3 Rabbit Band

3 Rabbit Band

Friday, August 10, 2012

A&M Records






Earthquake is quite nearly the epitome of what a good rock band should be. Their songs are almost without exception eminently danceable and memorable. John Doukas’ vocals are legitimately forceful and imploring.
The horn section handled by (who else?) Jim Horn and Chuck Findley is as always unimpeachable. Groove with “Light Before The Blindman’s Eyes”, “Riding High On Love” and “I Get The Sweetest Feeling”. (Billboard Magazine-1972)

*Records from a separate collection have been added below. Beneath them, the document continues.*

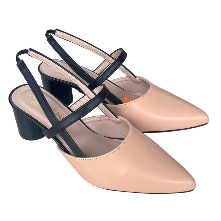 Giày cao gót nữ 6cm màu đen da mềm Trường Hải gót tròn CG125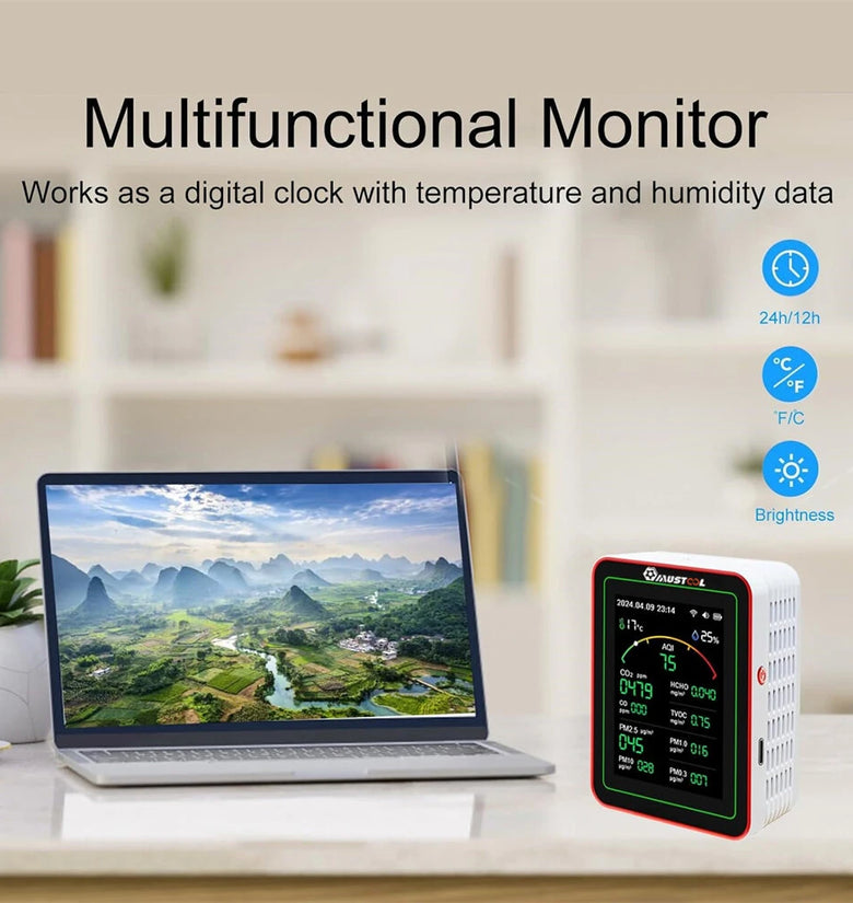 • MUSTOOL 15-in-1 Air Quality Monitor Wifi Tuya App 15-in-1 Smart Tester With stand CO2 CO TVOC HCHO PM2.5 PM1.0 PM10 AQI Battery Powered Real-Time Display for Home Office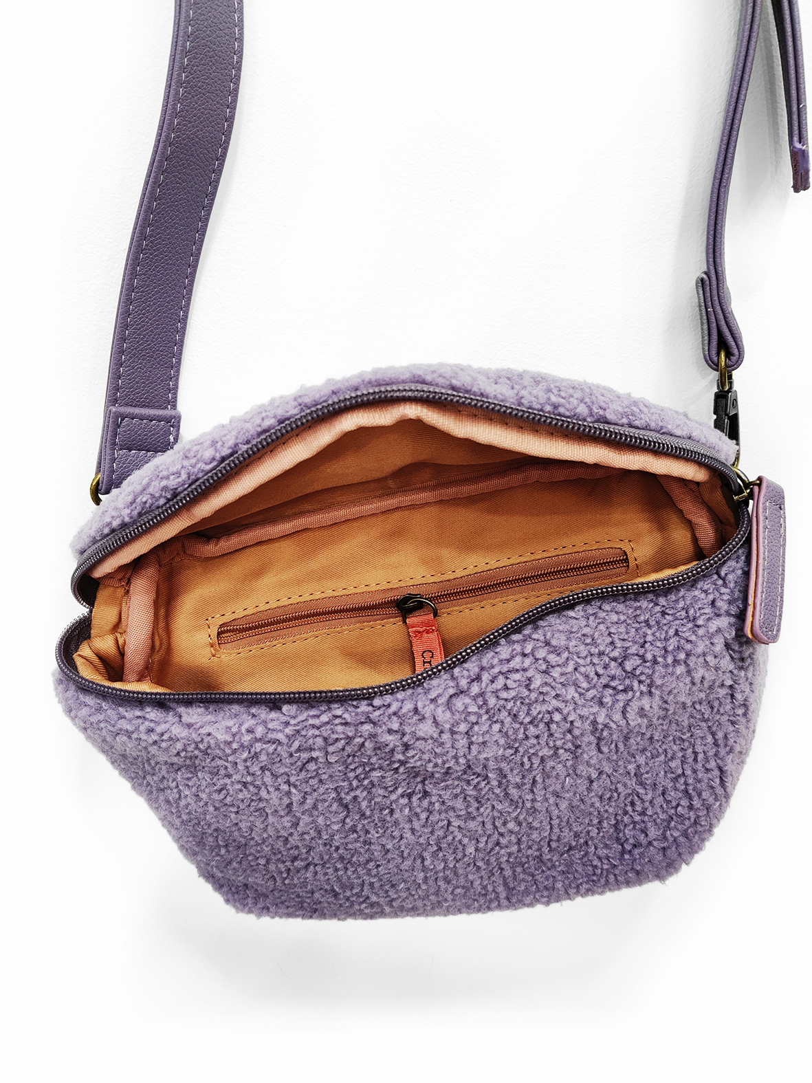 Riñonera color lila Lamb con correa ajustable. Tiene un bolsillo en la parte trasera y en el interior, ambos con cremallera y un apartado a modo de tarjetero.

Originally Purple Earthquake, the band drew its influences from rock and blues bands of the 1950s and 1960s, such as The Kinks, Muddy Waters and The Yardbirds, and played clubs and ballrooms in California in the late 1960s. They were managed by Matthew King Kaufman, who got them a recording contract with A&M Records, where they released two albums, Earth Quake (1971) and Why Don't You Try Me? (1972) but with little commercial success.
After experiencing frustration at what he saw as A&M's incompetence in handling the band, and winning some compensation for the unauthorised use of their music in the movie The Getaway. Kaufman set up Beserkley Records in 1973. Earth Quake released four albums on Beserkley between 1975 and 1979, as well as working with other musicians including Jonathan Richman (who they backed on his 1974 recording of "Roadrunner"), Greg Khin (who sang backing vocals on some of their records), and guitarist Gary Phillipet (aka Gary Phillips - previously of John Cippolina's Copperhead). The band split up in the early 1980s, although a compilation record, Sittin in the Middle of Madness, was issued in 2000.
The first two albums, "Earth Quake" (1971) and "Why Don't You Try Me" (1972), were remastered and rereleased December 27, 2004 on Acadia Records.
John Doukas died on March 19, 2011, in South Africa, at the age of 62.